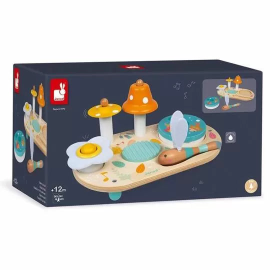 Benvenuti nella natura, per una passeggiata bucolica tra libellule e fiori di campagna! Nel programma di viaggio del bambino, la scoperta musicale con questo grazioso tavolo Pure dai colori tenui e romantici e dalle graziose illustrazioni! A partire da 1 anno, i bambini saranno in grado di imparare i diversi suoni in completa autonomia grazie a questo bellissimo gioco di apprendimento sonoro. Il tavolo musicale è composto da un piatto di funghi gialli, una campana arancione con pois bianchi, un raschietto di legno, una trombetta a forma di margherita e un tamburello rimovibile. Quest'ultimo raffigura un bellissimo stagno dove i pesci fluttuano sotto le ninfee. Per far suonare il tutto, i bambini potranno usare questa divertente bacchetta a forma di libellula con le sue morbide ali in feltro bianco! Con questo giocattolo di legno della prima infanzia, il bambino potrà familiarizzarsi con la musica al suo ritmo!
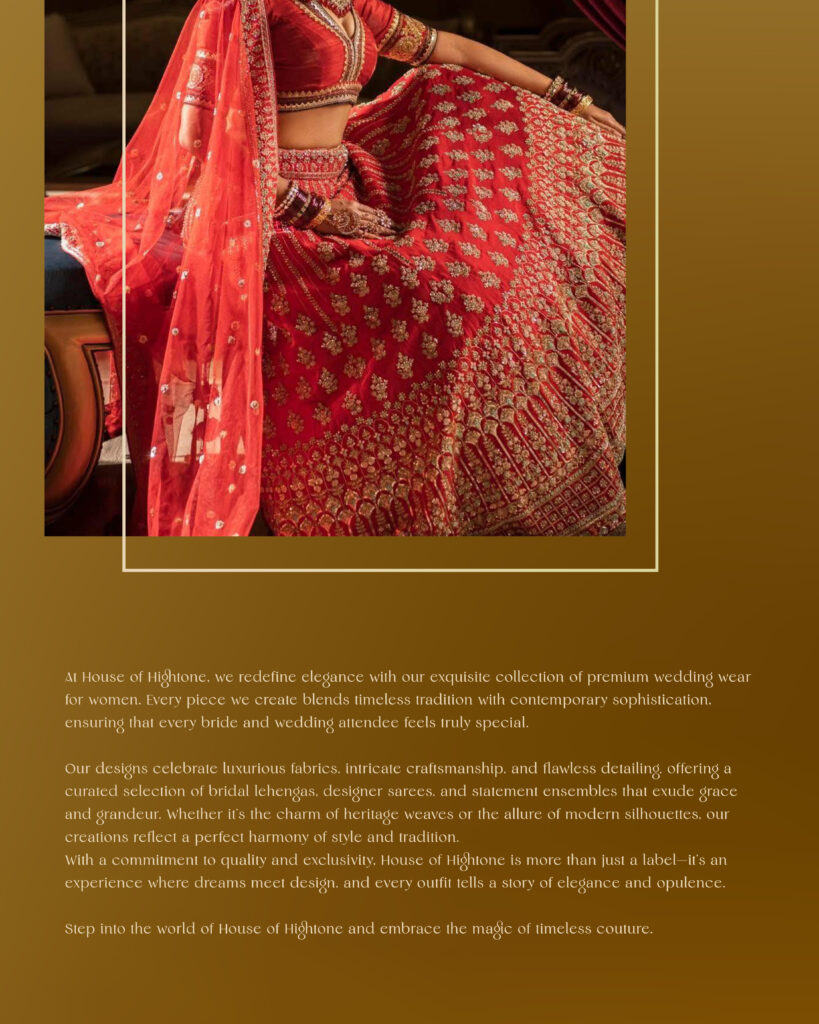 At House of Hightone, we redefine elegance with our exquisite collection of premium wedding wear for women. Every piece we create blends timeless tradition with contemporary sophistication, ensuring that every bride and wedding attendee feels truly special. Our designs celebrate luxurious fabrics, intricate craftsmanship, and flawless detailing, offering a curated selection of bridal lehengas, designer sarees, and statement ensembles that exude grace and grandeur. Whether it's the charm of heritage weaves or the allure of modern silhouettes, our creations reflect a perfect harmony of style and tradition.
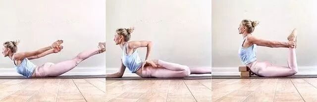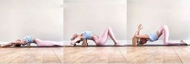 带领胸腔向上打开,在腹部的位置放2块瑜伽砖
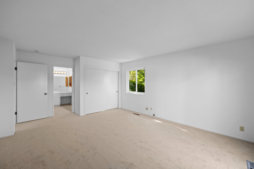The spacious primary suite is quietly positioned and opens directly to the back garden, creating a lovely connection to the outdoors. Two closets provide generous storage, while the en-suite bathroom includes a tub/shower combination and a dedicated makeup vanity area.
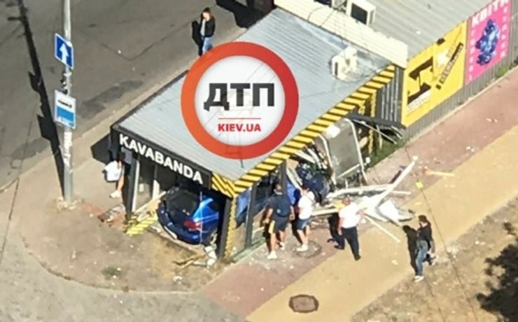 В Киеве иномарка влетела в кофейню на остановке: есть пострадавшие
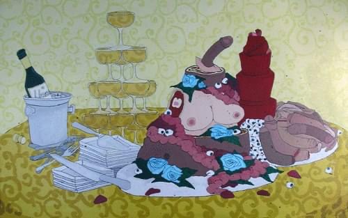 Wow I painted these 17 years ago.. I showed a series of 30 cannibal paintings for AWOL Gallery (now gone AWOL) in Toronto. I remember how lovely it was my friends showed up and met some fellow artists I would soon follow very closely as our careers blossomed overtime. It was an art show for artists, i think the general public was maybe weirded out? Most thought it was funny, but maybe too shy to buy. I didn’t sell a single one, which isn’t a great feeling when your peers are painting abstracts and selling at galleries already, or getting real professions in their 20s to 30s, buying houses and starting families. I was still scrambling, juggling minimum wage jobs and figuring out if i needed to go back to school to learn some real skills, practical ones, which I ended up doing. Despite all that, I’m still painting, never stopped, and look how far i’ve come! My work has evolved so much. In that time the Cannibal paintings sat in a darkend basement but slowly started to move, mostly online it garnered a cult like following. Most of the batch are gone now, these 3 big ones are still available. I will say the largest collection i know belongs to a plastic surgeon who bought in bulk, who I refer to as Hannibal Lector. Could you be a Hannibal Lector type? Or a Caligula? DM, it would be my pleasure to serve you up a dish! #surgeons #cannabalism
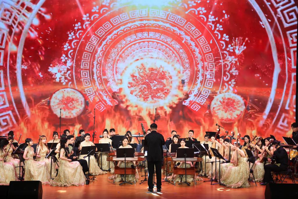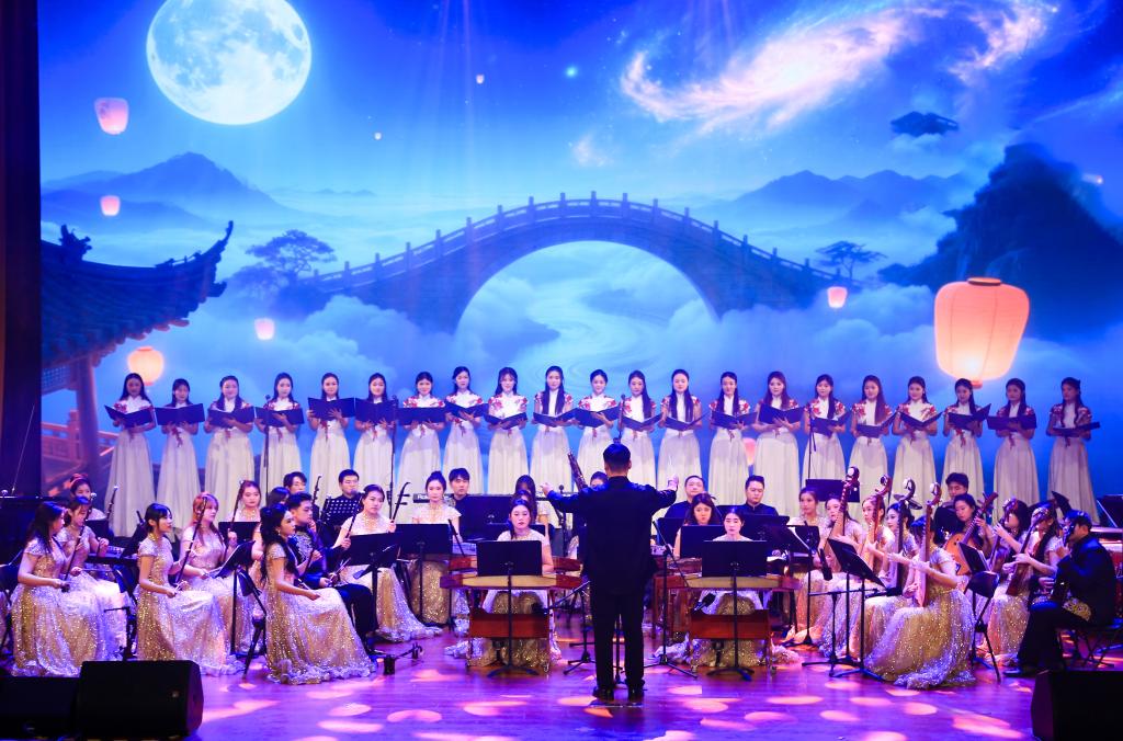 音乐会在热情澎湃的《欢庆序曲》中正式启幕。金晶民族乐团带来的《卡林卡》以铿锵鼓乐与欢快旋律率先点燃现场,奏响了学校七十五载砥砺前行、与国家同频共振的壮阔征程;女声独唱《九儿》在民乐的深情烘托下,吟唱出深沉坚韧的生命力量与民族气韵;合唱《兰亭序》创新融合合唱与民乐,再现千年文脉的墨韵风华,尽显东方美学意境;民乐合奏《偷功》节奏明快、气势如虹,展现了山科人锐意进取、一往无前的奋斗姿态;《沁园春·雪》以豪迈歌声绘就壮丽山河,抒发出“还看今朝”的澎湃自信;《知否知否》则用温婉声线勾勒出一幅诗意画卷,传递出对美好岁月的深深眷恋。
....
__BRIEF__
Please repeat the lines above from the line containing "В Киеве иномарка" through the final line, both included, exactly as they stand and without pictures.

__SOLUTION FOR THIS EXERCISE__
 В Киеве иномарка влетела в кофейню на остановке: есть пострадавшие
 Wow I painted these 17 years ago.. I showed a series of 30 cannibal paintings for AWOL Gallery (now gone AWOL) in Toronto. I remember how lovely it was my friends showed up and met some fellow artists I would soon follow very closely as our careers blossomed overtime. It was an art show for artists, i think the general public was maybe weirded out? Most thought it was funny, but maybe too shy to buy. I didn’t sell a single one, which isn’t a great feeling when your peers are painting abstracts and selling at galleries already, or getting real professions in their 20s to 30s, buying houses and starting families. I was still scrambling, juggling minimum wage jobs and figuring out if i needed to go back to school to learn some real skills, practical ones, which I ended up doing. Despite all that, I’m still painting, never stopped, and look how far i’ve come! My work has evolved so much. In that time the Cannibal paintings sat in a darkend basement but slowly started to move, mostly online it garnered a cult like following. Most of the batch are gone now, these 3 big ones are still available. I will say the largest collection i know belongs to a plastic surgeon who bought in bulk, who I refer to as Hannibal Lector. Could you be a Hannibal Lector type? Or a Caligula? DM, it would be my pleasure to serve you up a dish! #surgeons #cannabalism
 音乐会在热情澎湃的《欢庆序曲》中正式启幕。金晶民族乐团带来的《卡林卡》以铿锵鼓乐与欢快旋律率先点燃现场,奏响了学校七十五载砥砺前行、与国家同频共振的壮阔征程;女声独唱《九儿》在民乐的深情烘托下,吟唱出深沉坚韧的生命力量与民族气韵;合唱《兰亭序》创新融合合唱与民乐,再现千年文脉的墨韵风华,尽显东方美学意境;民乐合奏《偷功》节奏明快、气势如虹,展现了山科人锐意进取、一往无前的奋斗姿态;《沁园春·雪》以豪迈歌声绘就壮丽山河,抒发出“还看今朝”的澎湃自信;《知否知否》则用温婉声线勾勒出一幅诗意画卷,传递出对美好岁月的深深眷恋。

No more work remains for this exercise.